The main thrust of § 70a(5) is to secure for creditors everything of value the bankrupt may possess ... when he files his petition. To this end the term “property” has been construed most generously and an interest is not outside its reach because it is novel or contingent or because enjoyment must be postponed.

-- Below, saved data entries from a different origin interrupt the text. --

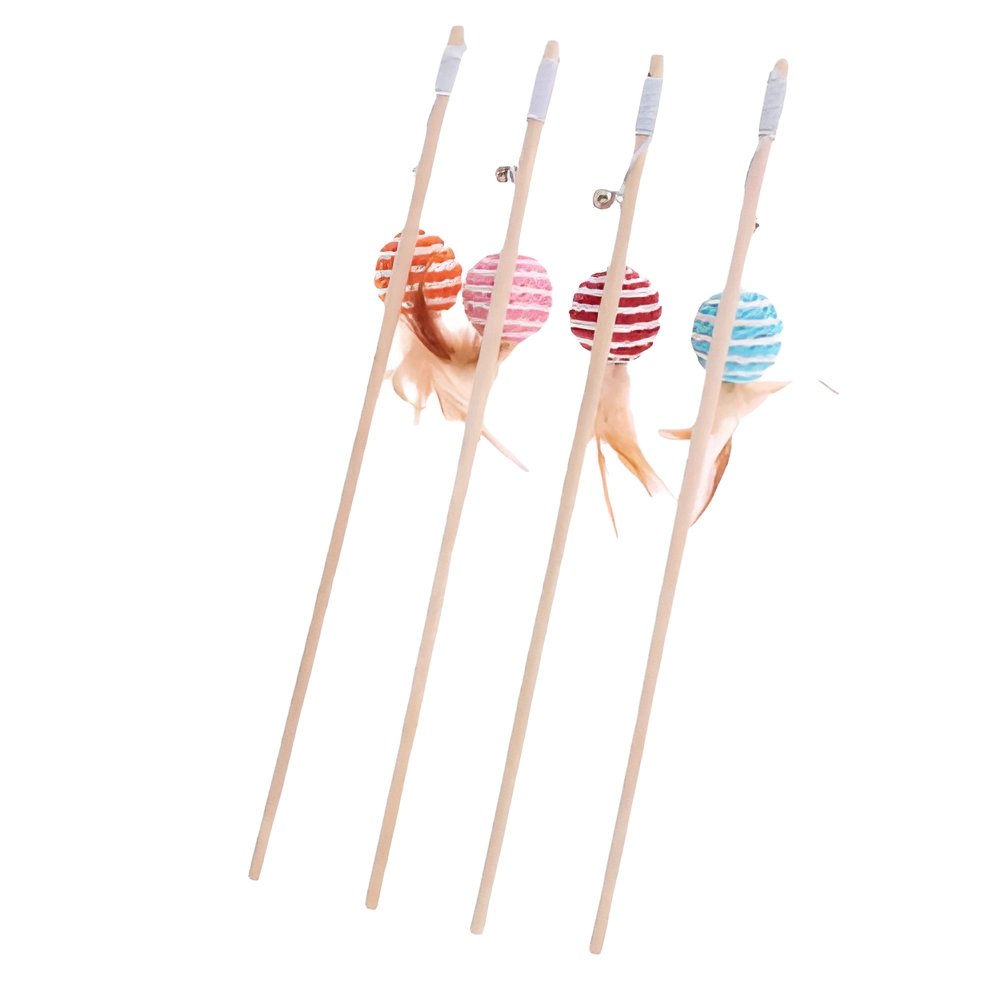 Wooden Cat Play Wand with Bell, Feathers & Rope Ball Toy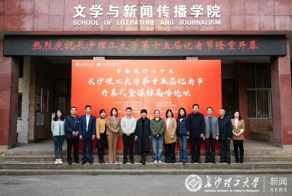 11月14日下午,学校在文学与新闻传播学院新闻演播厅举办第十五届记者节开幕式暨媒体高峰论坛。副校长蒋璟萍,学校党委委员、宣传部部长方琼,特邀嘉宾中国教育报刊社湖南记者站副站长阳锡叶,科技日报社湖南记者站站长俞慧友,湖南日报主任记者余蓉,校党委宣传部、教务处、学生工作部等职能部门领导,文新学院全体院领导、各校级媒体的校园记者和文新学院师生代表参加活动。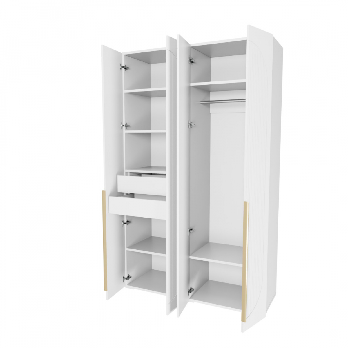 Шкаф оснащен металлическими ручками, петлями с доводчиками и шариковыми направляющими.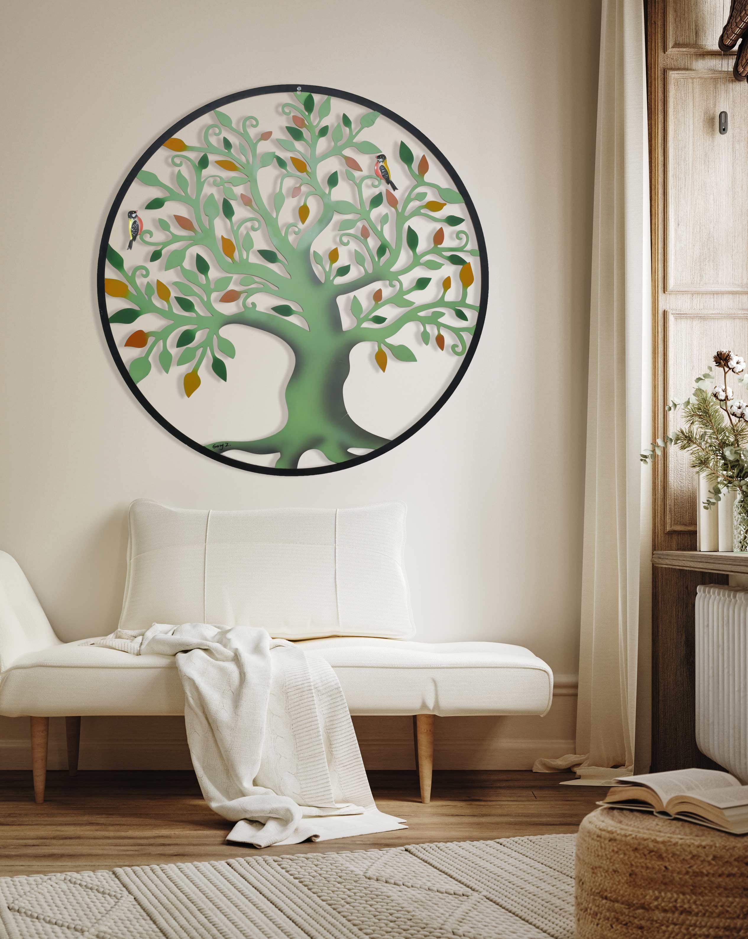 Enhance your space with our 38-inch "Tree of Life" Hand-Painted Wall Decor. Crafted from durable iron, it features a captivating Tree of Life design enclosed in a circle. Meticulously hand-painted for depth and charm, it symbolizes vitality and growth. Easily hang this art piece to transform your space.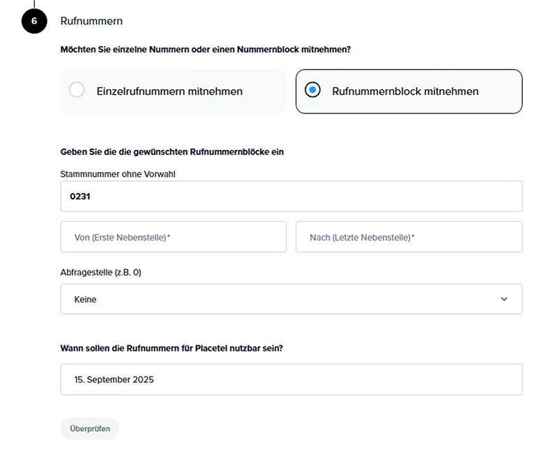 Verifikation neuer Vorwahlbereich - Nun geht es um die Angabe der Rufnummern, die zu Portieren sind. Hier können Sie entweder: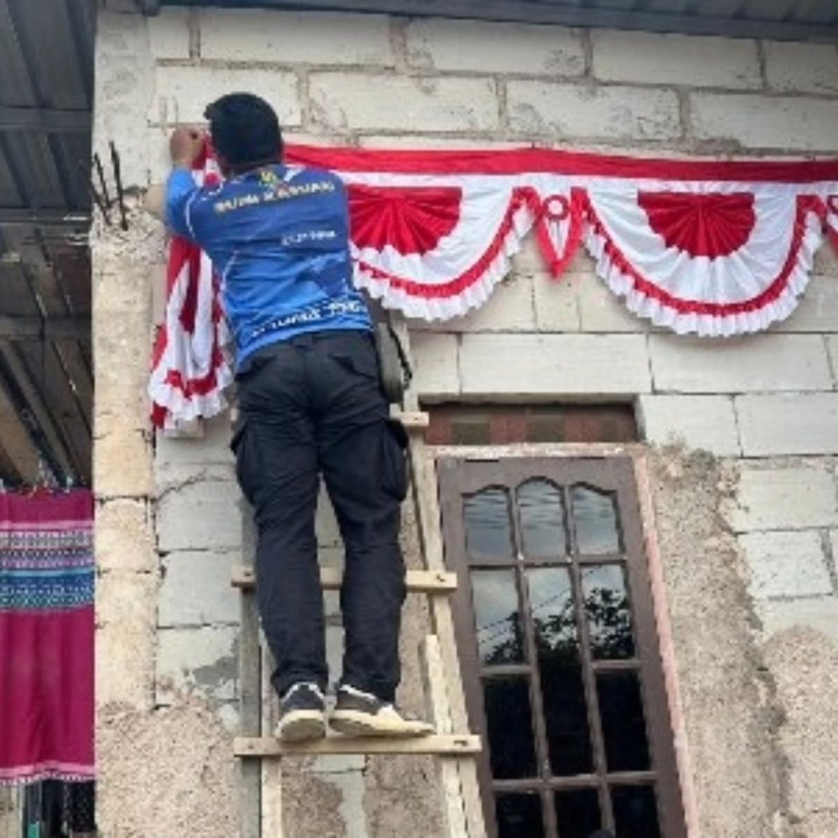 Serda Darmen Manik, salah satu anggota Satgas, tampak aktif memimpin koordinasi pemasangan atribut kemerdekaan di berbagai titik strategis di kawasan tersebut.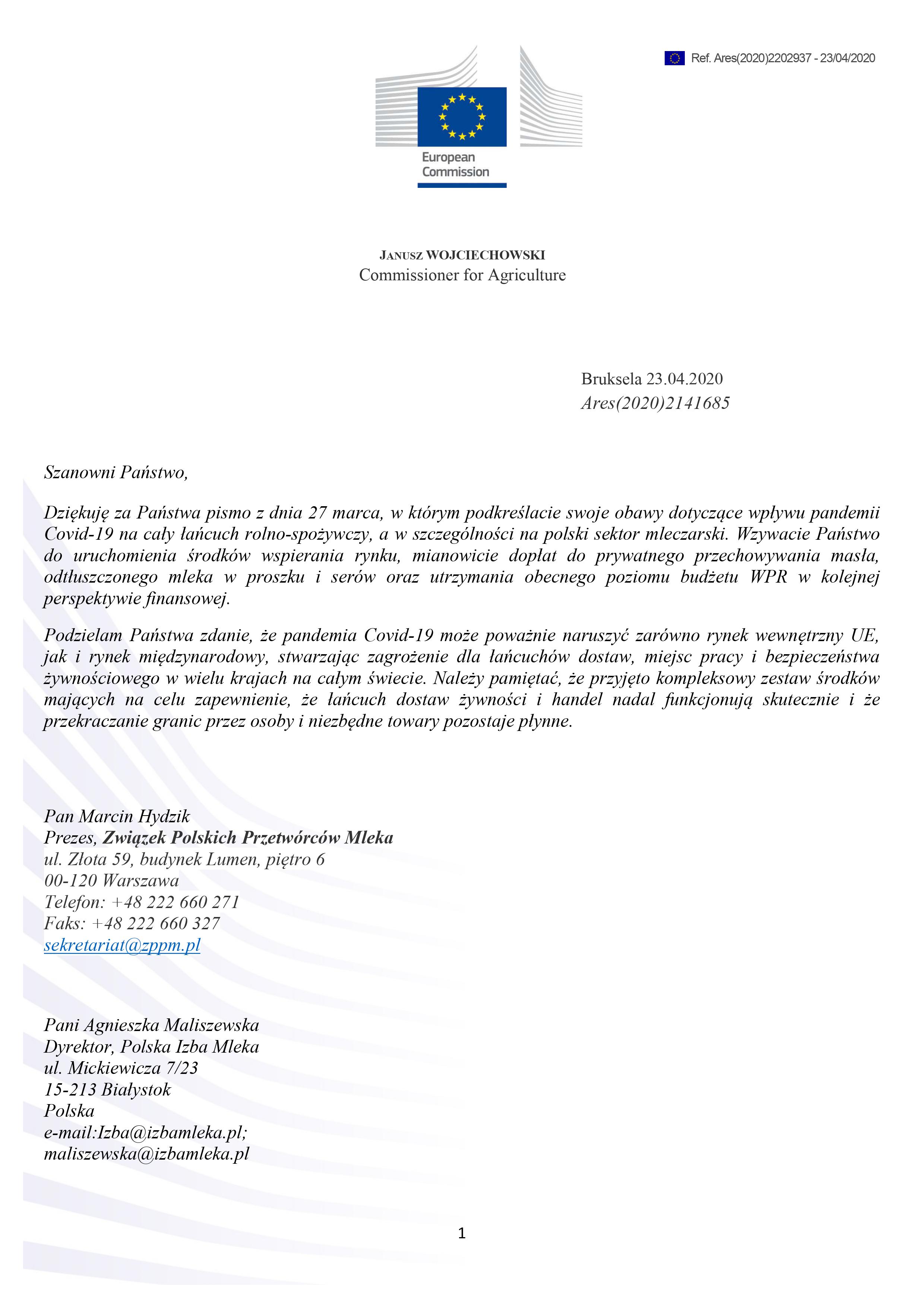 List od Komisarza ds. Rolnictwa Janusza Wojciechowskiego na pismo ws. podjęcie interwencji w zakresie działań antykryzysowych skierowanych do rolników, producentów mleka i spółdzielnie oraz zakłady przetwórcze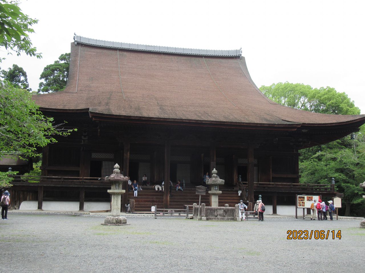 金堂前で記念撮影。

382 U.S. at 879, 86 S.Ct. at 515. The Court determined that two key elements pointing toward realization of a tax refund existed at the time the bankruptcy petitions were filed: 1) taxes had been paid on net income in prior years, and 2) the year of bankruptcy, at that point, exhibited a net operating loss. See id. at 380, 86 S.Ct. at 515. The Court concluded that the loss-carryback refund claims were “sufficiently rooted in the pre-bankruptcy past ... that [they] should be regarded as ‘property’” under the Bankruptcy Act. Id.14
Applying the rationale of Segal to the instant case, we conclude that Alvarez’s legal malpractice cause of action is also sufficiently rooted in his pre-bankruptcy past that it should be considered property of Alvarez as of the commencement of his bankruptcy case, and thus property of his estate. Alvarez established an attorney-client relationship with Johnson Blakely prior to his filing for bankruptcy, and this cause of action arises directly out of Alvarez’s interactions with the firm prior to filing — ie. Alvarez’s instructions to Johnson Blakely to file Chapter 11 and the firm’s alleged disregard of those instructions — ie. the preparation and filing instead of a Chapter 7 petition. Simultaneous with the filing, Alvarez suffered significant harm from the firm’s alleged negligence, ie. the loss of control of assets. The claim in the instant case is even more firmly “rooted in the pre-bank-ruptcy past” than the claim in Segal. See also Tomaiolo, 205 B.R. at 15 (concluding that debtor’s legal malpractice claims, including claim concerning services in the preparation of documents filed with the bankruptcy petition, were sufficiently rooted in the pre-bankruptcy past to be includible in bankruptcy estate).
III. CONCLUSION
The bankruptcy trustee is the legal representative of the bankruptcy estate, with capacity to sue and be sued. See 11 [1280]*1280U.S.C. § 323. Thus, as we have concluded that the legal malpractice cause of action at issue is property of Alvarez’s bankruptcy estate, and as there is no indication in the record before us that the trustee has abandoned this claim, Alvarez may not maintain this suit without participation by the trustee. See Vreugdenhil v. Hoekstra, 773 F.2d 213, 215-16 (8th Cir.1985) (noting that authorities agree, although on varying rationales, that a debtor may not prosecute on his own a cause of action belonging to the estate unless that cause of action has been abandoned by the trustee).15
Alvarez also argues that the bankruptcy court erred in denying his motion to remand or abstain. Assuming arguendo, but not deciding, that we might appropriately exercise appellate jurisdiction over that issue, we decline to exercise it. We have held that the malpractice cause of action is property of the estate. The trustee in bankruptcy, not Alvarez, is the appropriate person to urge remand or abstention, matters which can be addressed by the bankruptcy court on remand.
The judgment of the district court is AFFIRMED.